## Dataset content

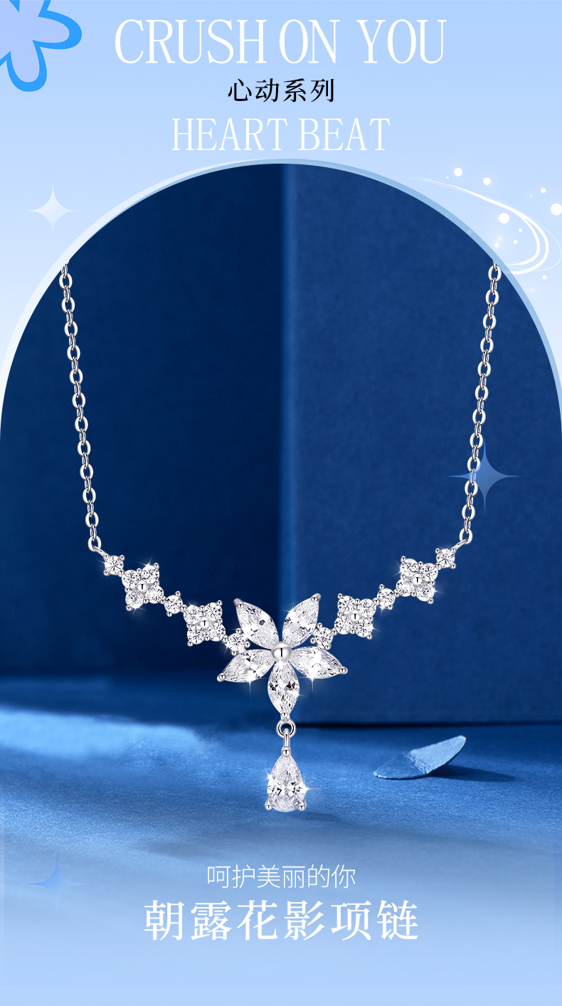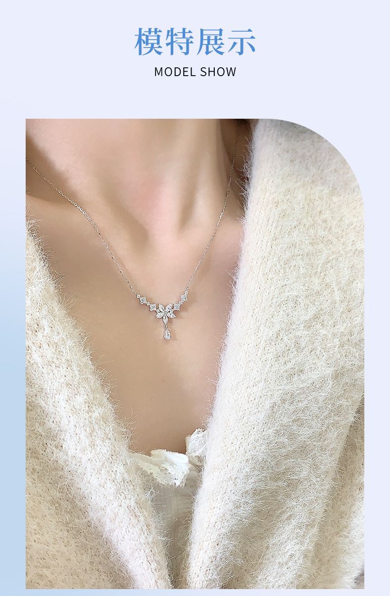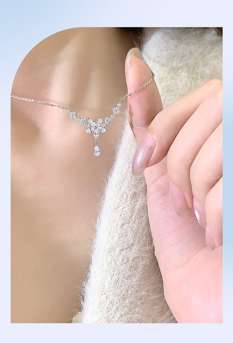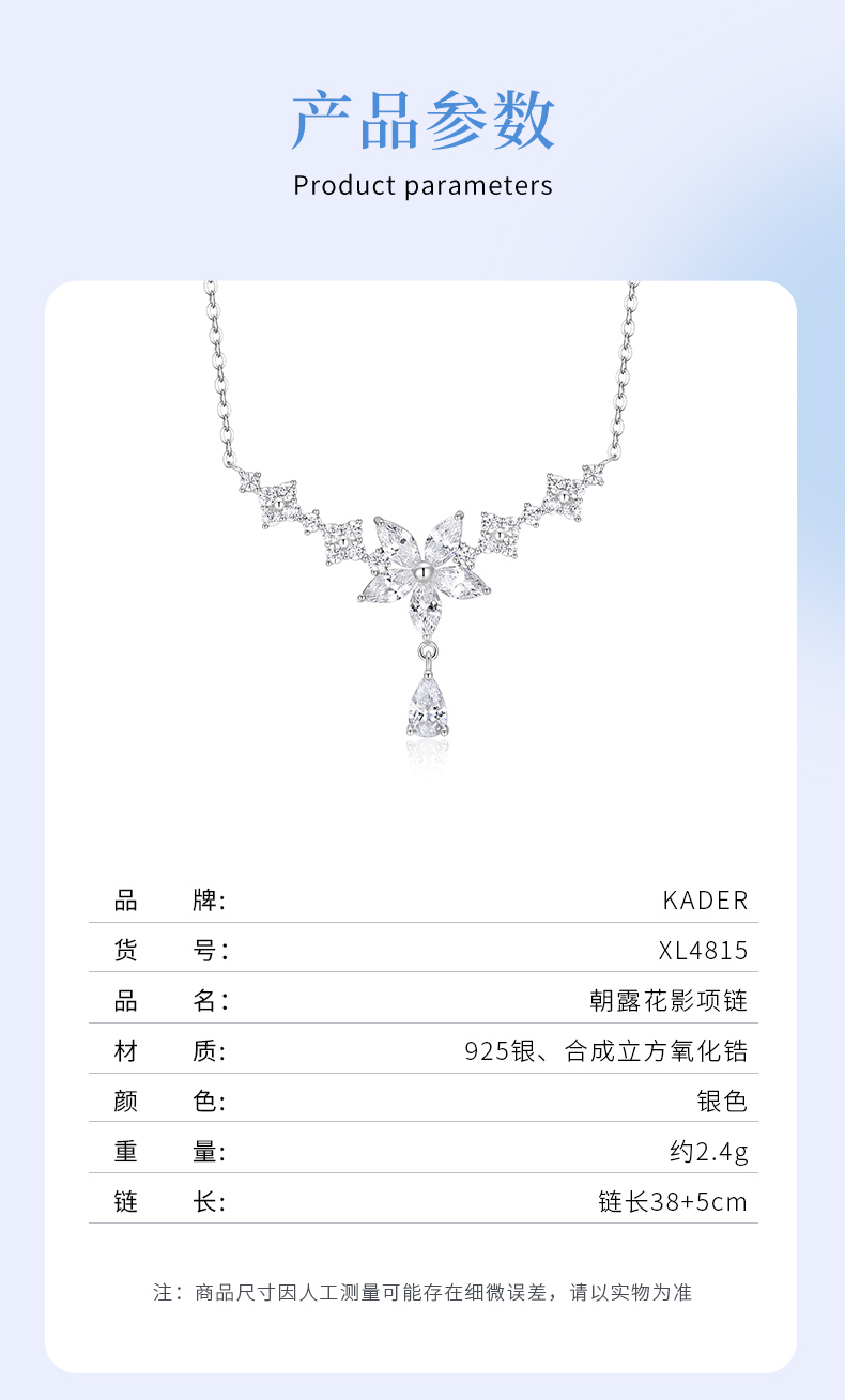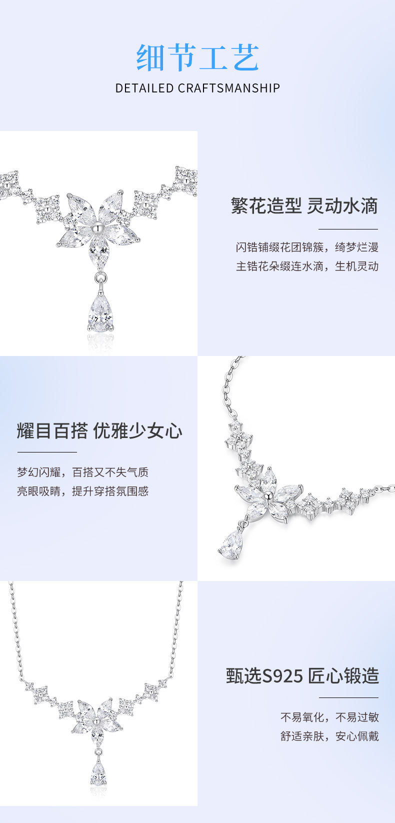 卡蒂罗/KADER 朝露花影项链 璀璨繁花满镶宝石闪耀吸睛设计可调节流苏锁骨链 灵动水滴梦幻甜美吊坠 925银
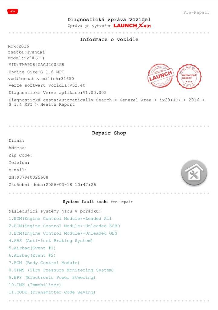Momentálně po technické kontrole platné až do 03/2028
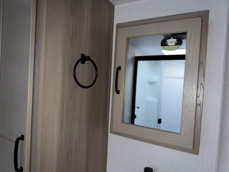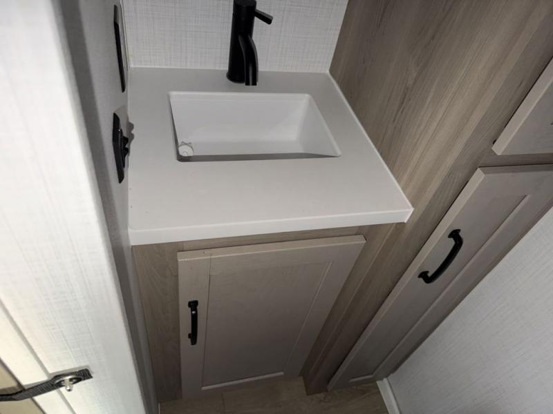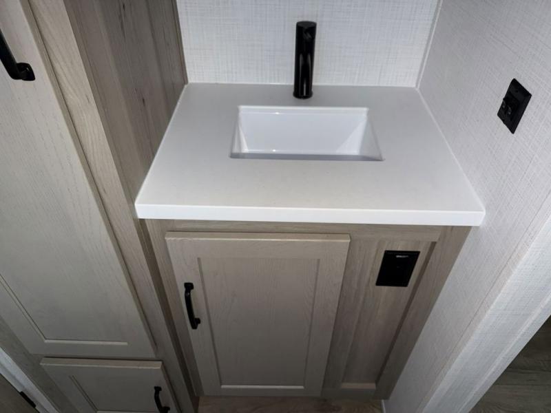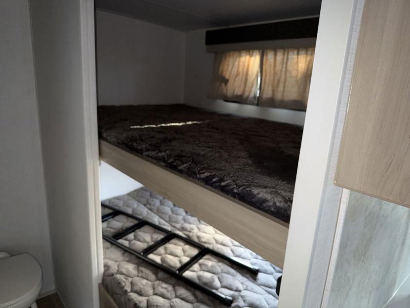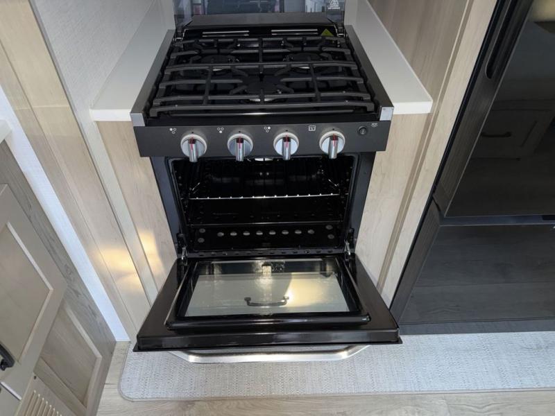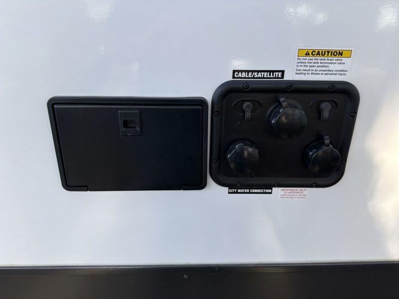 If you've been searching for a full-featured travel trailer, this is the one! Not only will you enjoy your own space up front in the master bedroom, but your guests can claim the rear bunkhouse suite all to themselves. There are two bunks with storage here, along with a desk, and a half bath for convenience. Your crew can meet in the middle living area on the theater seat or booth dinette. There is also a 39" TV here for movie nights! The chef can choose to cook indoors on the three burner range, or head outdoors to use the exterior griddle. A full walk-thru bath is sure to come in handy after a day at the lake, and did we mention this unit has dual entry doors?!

## About this task
I need the lines from the line containing "Momentálně po technické" through the final line of the listing duplicated exactly, both ends included, with no pictures and nothing else.

## Solution to the problem
Momentálně po technické kontrole platné až do 03/2028
 If you've been searching for a full-featured travel trailer, this is the one! Not only will you enjoy your own space up front in the master bedroom, but your guests can claim the rear bunkhouse suite all to themselves. There are two bunks with storage here, along with a desk, and a half bath for convenience. Your crew can meet in the middle living area on the theater seat or booth dinette. There is also a 39" TV here for movie nights! The chef can choose to cook indoors on the three burner range, or head outdoors to use the exterior griddle. A full walk-thru bath is sure to come in handy after a day at the lake, and did we mention this unit has dual entry doors?!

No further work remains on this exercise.